Video memory increased.Post-training inference memory increases from 3.7GB to 8.0GB, which is still within the range of common inference GPUs, but the deployment resource requirements increase.
Real data settings rely on a fixed perspective.task-specific human egocentric data actually uses a static third-person camera instead of GoPro/VR, indicating that the pipeline still relies on the consistency of camera settings.

7.4 Applicable boundaries

FRAPPE is suitable for scenarios that already have pretrained diffusion/VLA backbone and hope to improve generalization with a small amount of robot data and a large amount of motionless videos, especially for double-arm manipulation, visual perturbation, object changes, and small data fine-tuning.

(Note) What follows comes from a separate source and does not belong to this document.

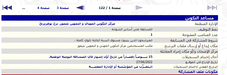 في مثالنا كانت المسابقة المنشودة هي اول مسابقة معروضة في الصفحة رقم 1 التي أخبرنا بها موقع dzmosabakat.com كما توضح الصورة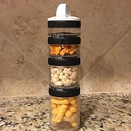 5 stars! I originally bought this item for my spouse and I to use for our vitamins, pre-workout, protein powder, etc. I loved this product so much that I purchased another for our baby's treats. It's perfect for our one year old's yogurt melts, cereal puffs, cheese crackers, and cookies...especially when we go out to restaurants. We are always asked where we purchased it. It's so much more efficient for carrying a variety of snacks, and fits nicely in the diaper bags

It is less suitable for systems that need to explicitly visualize future trajectories for human review because it learns latent future representations rather than generating images of the future.

The other boundary is teacher indicating selection. The core benefit of FRAPPE comes from multi-VFM alignment; if the task domain is very different from the visual semantic coverage of CLIP/DINOv2/ViT, teacher selection and mid-training teacher distillation may become key bottlenecks.